Employee Section 7 rights are violated, too, when employees are aware that a supervisor has been disciplined for refusing to comply with an unlawfully discriminatory employer directive, such as one that unlawfully discriminates against returning strikers. Employer threats to call in the INS in retaliation for protected concerted activity also are unlawful, and can lead to a bargaining order if made in retaliation for union activity. Viracon, Inc., 256 NLRB 245 (1981).

For many years there has been disagreement at the NLRB over whether an employee, acting alone, can be engaged in "concerted" activity, or whether "concert" by definition requires activity by more then one employee. For instance, a lone employee who seeks to enforce a collective bargaining agreement is said to be engaged in concerted activity, whether or not the employee is correct in his position that the agreement has been breached. NLRB v. City Disposal Systems, 465 U.S. 822 (1984). Back in the 1970’s, in Alleluia Cushion Co., 221 NLRB 999 (1975), the Board adopted the broad concept of "implied" concerted activity. In that case, an individual’s complaints about unsafe conditions to the Occupational Safety and Health Administration were deemed to be "concerted" absent evidence that other employees did not share the complainant’s interest or support his complaints. In 1984, a newly constituted Board retreated from Alleluia Cushion. Reviewing legislative history, the Board concluded that "concerted activity" required some form of collective action, i.e., activity engaged in with or on the authority of other employees. Meyers Industries, 281 NLRB 882 (1986). Later, the courts accepted that Board position because it was a reasonable interpretation of, even if not mandated by, the NLRA.

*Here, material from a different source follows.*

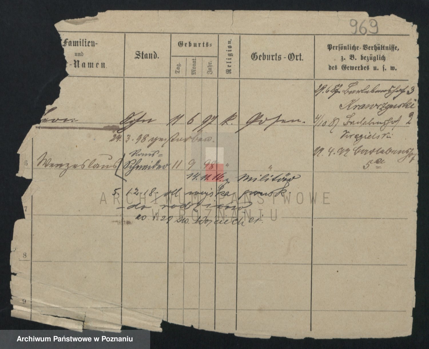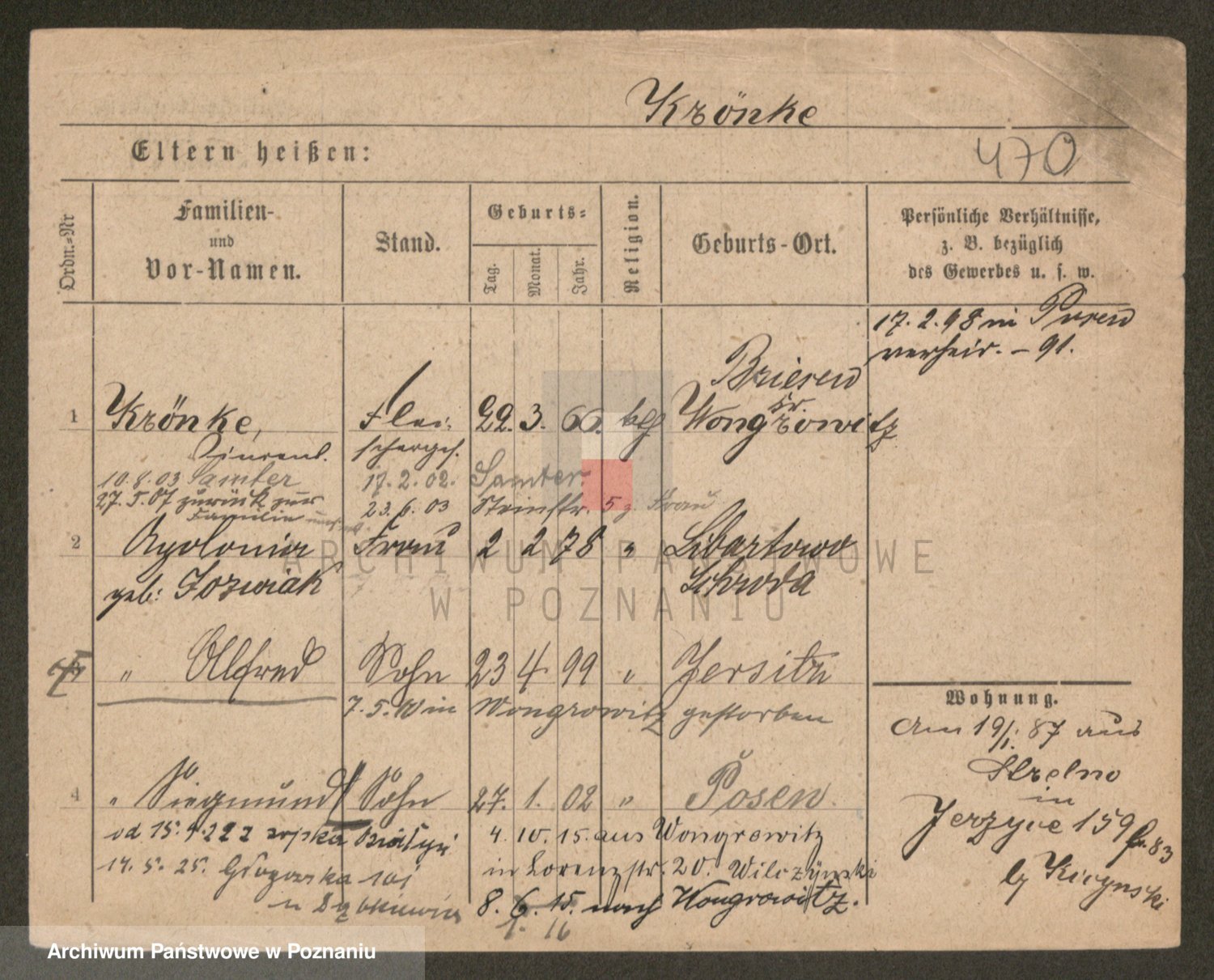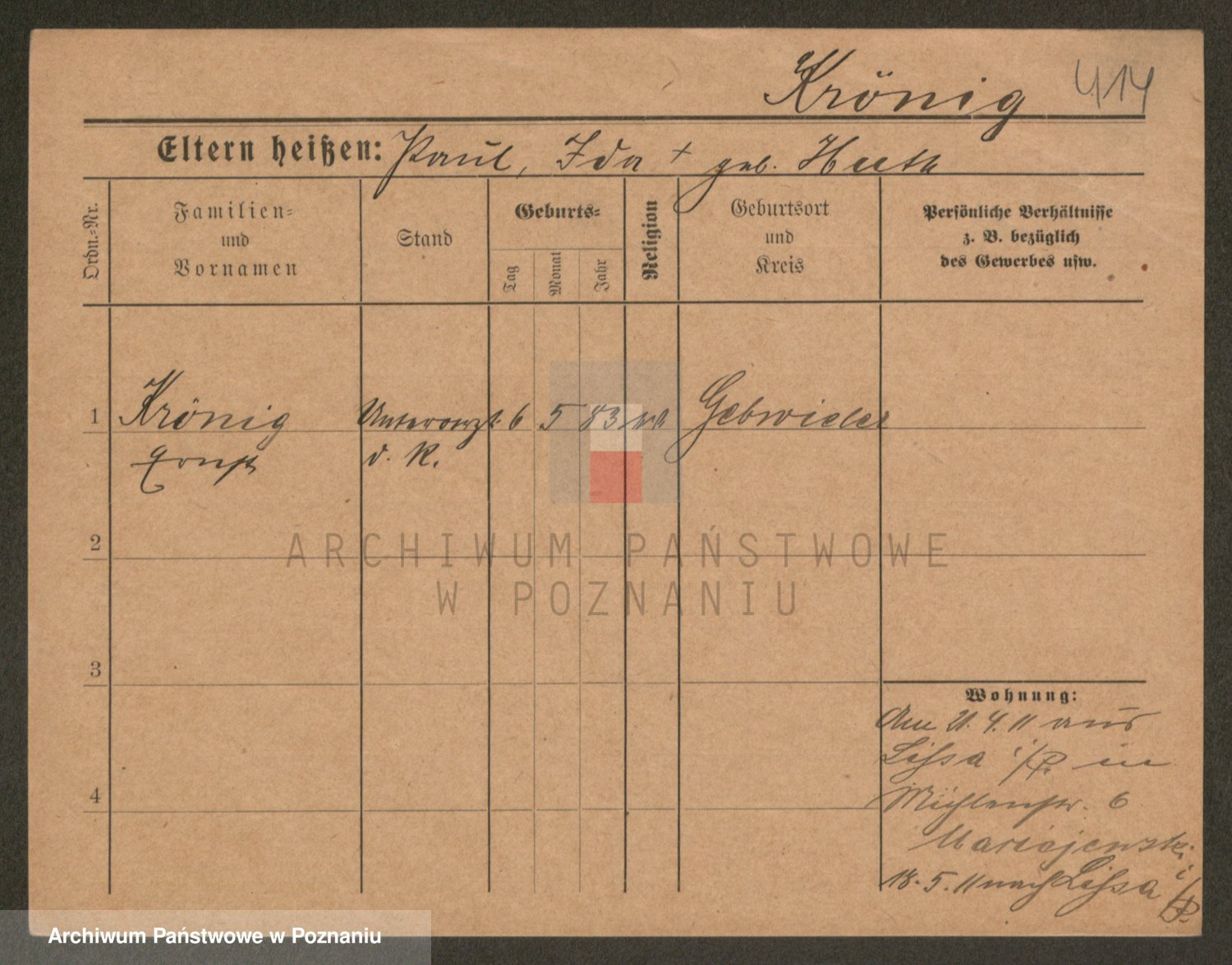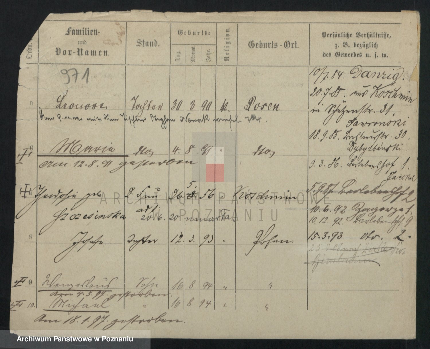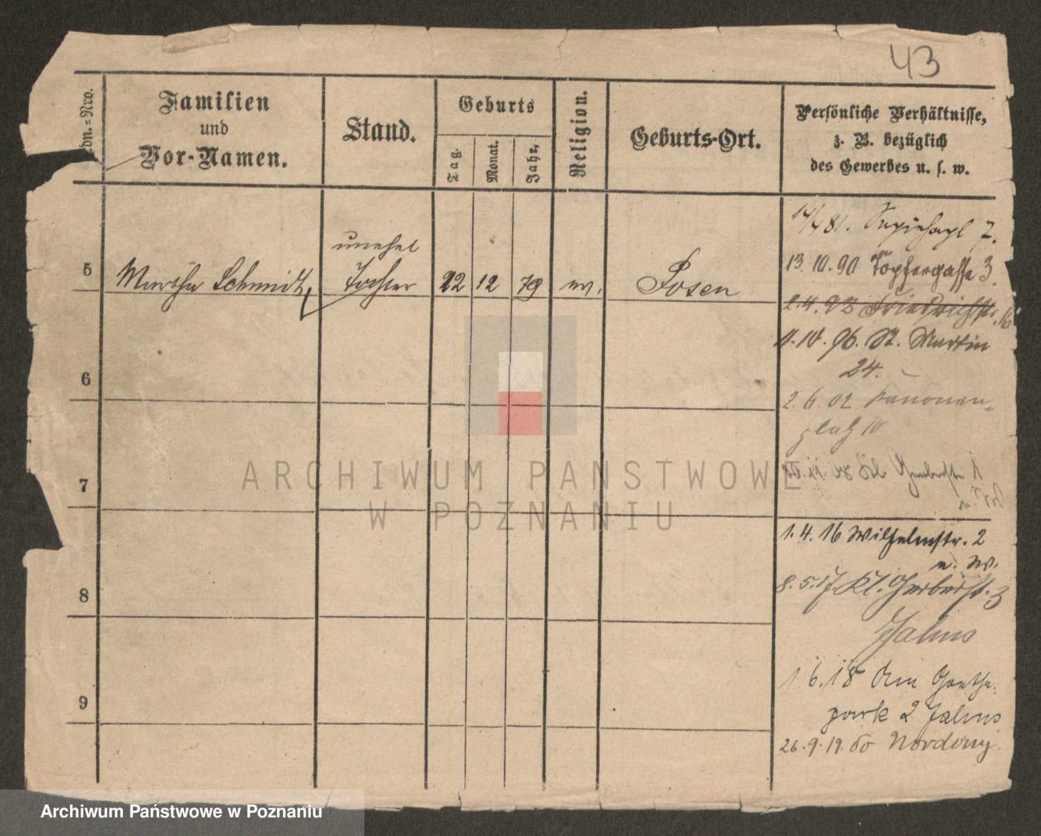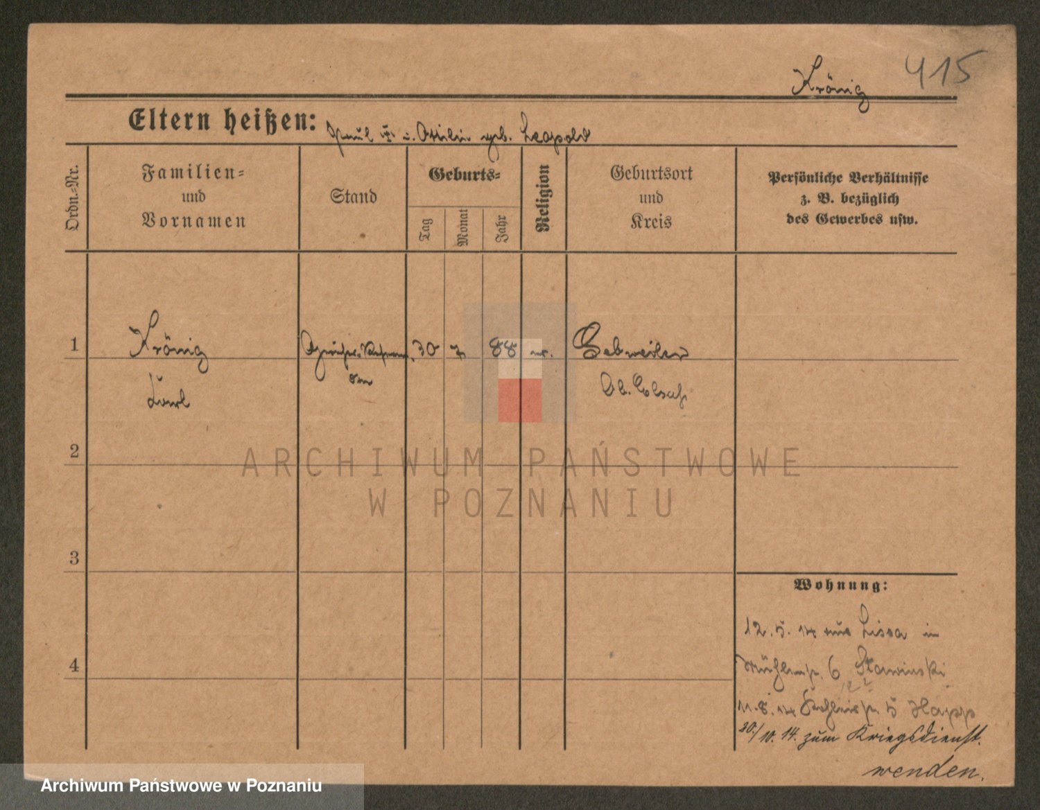 Podgląd karty osobowej dostępny jest po kliknięciu na nazwisko lub ikonkę karty. Można dokonywać powiększenia (ikony na górze) lub przechodzić między kolejnymi skanami (strzałki po bokach).

At the present time, then, in the aftermath of Meyers concerted activity still requires some sort of employee concert, but includes actions by individuals seeking to initiate or to induce or prepare for group action, as well as actions by individual employees who bring group complaints to management. Youville Health Care Center, Inc., 328 NLRB No. 155 (July 29, 1999). What is disconcerting, however, is that agitation continues by some Board members to return to the broad Alleluia Cushion concept of implied concerted activity. Former Member Browning refused to rely on the more limited Meyers view and, more recently, former NLRB Chairman Gould argued for Meyers to be abandoned altogether. Pikes Peak Pain Program, 326 NLRB No. 28 (August 20, 1998).

Future changes in Board composition could see a return to the broad Alleluia "concerted activity" equation, i.e., one plus zero equals two. In the meantime, employers must be aware of the NLRA’s concerted activity protections and how employee concerted activity is protected even in the total absence of unions. The protection of concerted activity takes on added significance in a private sector workforce where unions have lost members every year since 1985. Management can expect unions and the plaintiffs’ bar to make added use of these protections, particularly since their enforcement by the NLRB requires minimal expenditures by complainants and their representatives.